1.6.4. A NÁLISE DO LÍQUIDO SINOVIAL

A análise do líquido sinovial é a ferramenta mais importante e útil no diagnóstico de sinovites infeciosas. Fornece informações valiosas sobre a inflamação e distingue entre sinovites sépticas e sinovites não sépticas. Apresenta na variabilidade individual de valores e na ocorrência de, em cultura bacteriológica, um número de falsos negativos relativamente elevado, os principais desafios na chegada a um diagnóstico definitivo (Ludwig & van Harreveld, 2018; Steel, 2008). A sua recolha deve ser efetuada de forma asséptica e sempre o maior volume possível pois não só drena a estrutura sinovial, como também permite recolher quantidade suficiente para a realização de todos os testes e ainda cultura bacteriana, que é de grande importância e conveniência. O animal não deve ter recebido qualquer tratamento antibiótico ou anti-inflamatório antecedente à recolha pois irá influenciar e alterar os resultados da mesma, assim como, diminuir a probabilidade de uma cultura positiva (Bertone, 1995).

Macroscopicamente devemos avaliar o fluido sinovial pela sua viscosidade, turbidez e presença de detritos e sangue. Com efeito, o líquido normal apresenta uma coloração transparente a amarela pálida, elevada viscosidade e não apresenta fibrina, coágulos ou outro tipo de detritos.
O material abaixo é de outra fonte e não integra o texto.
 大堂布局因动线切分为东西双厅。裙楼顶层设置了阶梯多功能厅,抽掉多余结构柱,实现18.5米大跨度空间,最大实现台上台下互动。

A inflamação sinovial leva a que o líquido sinovial se apresente com turbidez aumentada devido ao aumento da celularidade, viscosidade diminuída pela clivagem do ácido hialurónico (teste da qualidade precipitante da mucina), e ainda contendo fibrina e aglomerados celulares, assim como apresentar-se sanguinolento devido a trauma e disrupção da membrana sinovial (figura 7) (Bertone, 1995; Ludwig & van Harreveld, 2018). As sinovites inflamatórias, não infeciosas, como por exemplo por reação a injeções intra-articulares, causam alterações semelhantes no líquido sinovial sendo por isso necessária a sua avaliação microscópica a parâmetros como contagem de células nucleadas totais, proteínas totais, pH, lactato e diferença entre glicose sanguínea e sinovial, assim como realização de citologia e cultura bacteriana (Ludwig & van Harreveld, 2018).

Figura 7. Fluido sinovial séptico. Aparência serosanguinolenta, opaca e túrbida (adaptada de Ludwig & van Harreveld, 2018).
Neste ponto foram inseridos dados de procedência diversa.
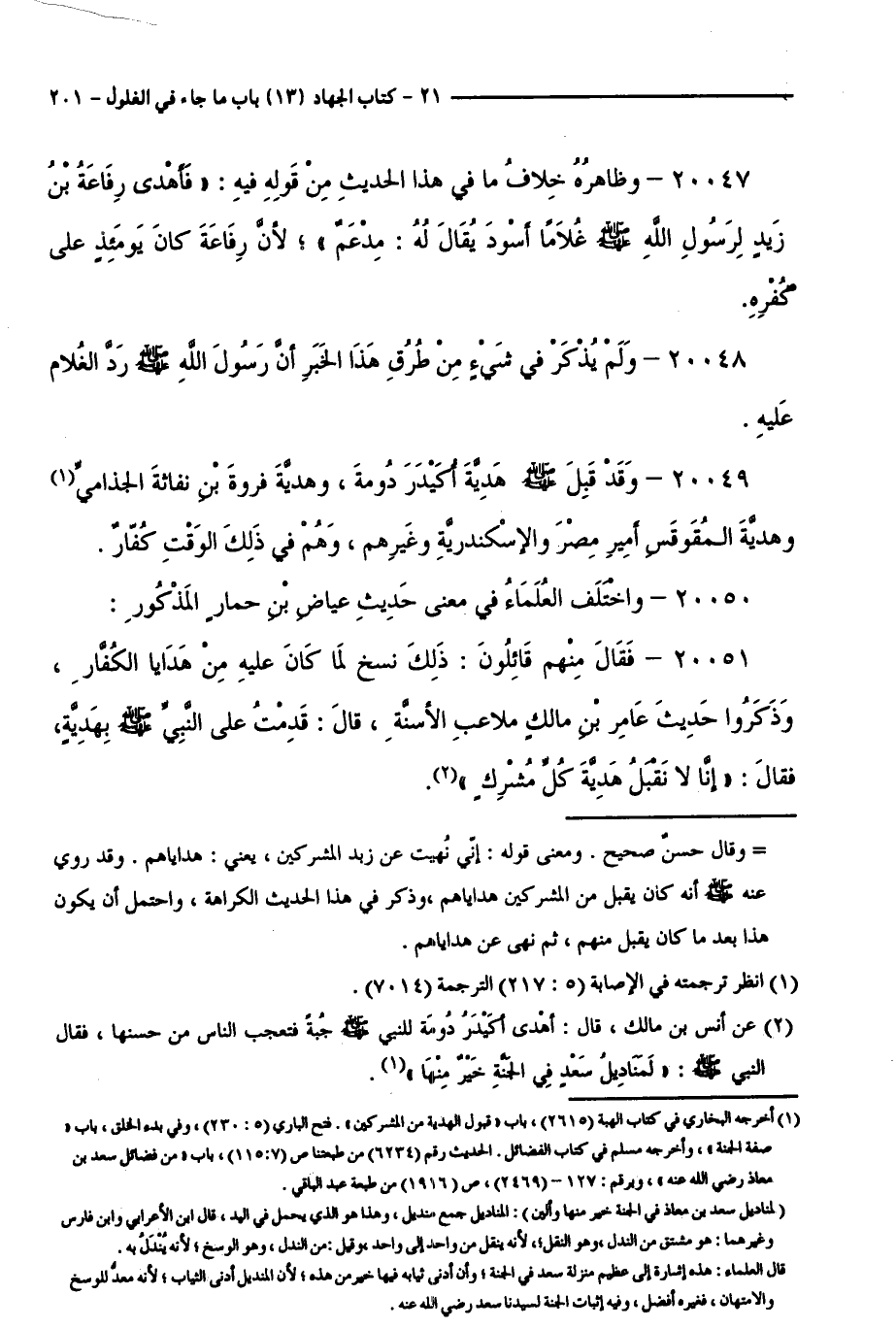 20047 - وَظَاهِرُهُ خِلَافُ مَا فِي هَذَا الْحَدِيثِ مِنْ قَوْلِهِ فِيهِ: " فَأَهْدَى رَفَاعَةُ بْنُ زَيْدٍ لِرَسُولِ اللَّهِ - صَلَّى اللَّهُ عَلَيْهِ وَسَلَّمَ - غُلَامًا أَسْوَدَ يُقَالَ أَنَّهُ: مِدْعَمٌ " ؛ لِأَنَّ رِفَاعَةَ كَانَ يَوْمَئِذٍ عَلَى كُفْرِهِ.

A contagem de células nucleadas total e de proteínas totais vai ser tanto maior quanto maior for o grau e duração da inflamação. Ambos os parâmetros cursam simultaneamente e apresentam uma elevação mais abrupta nas primeiras 12-24h. Como em sinovites sépticas o grau inflamatório é maior que nas sinovites não sépticas, os valores destes dois parâmetros, principalmente as proteínas totais, podem apresentar-se também superiores (Ludwig & van Harreveld, 2018; Tulamo et al., 1989). Especificamente, o líquido sinovial de estruturas saudáveis apresenta valores de contagem de células nucleadas total inferiores a 500 células/µL e de proteínas totais inferiores a 2 g/dL. Por outro lado, no fluido de estruturas sépticas, a contagem de células nucleadas total apresenta valores superiores a 30,000 células/µL e as proteínas totais ultrapassam as 4 g/dL (Ludwig & van Harreveld, 2018; Steel, 2008).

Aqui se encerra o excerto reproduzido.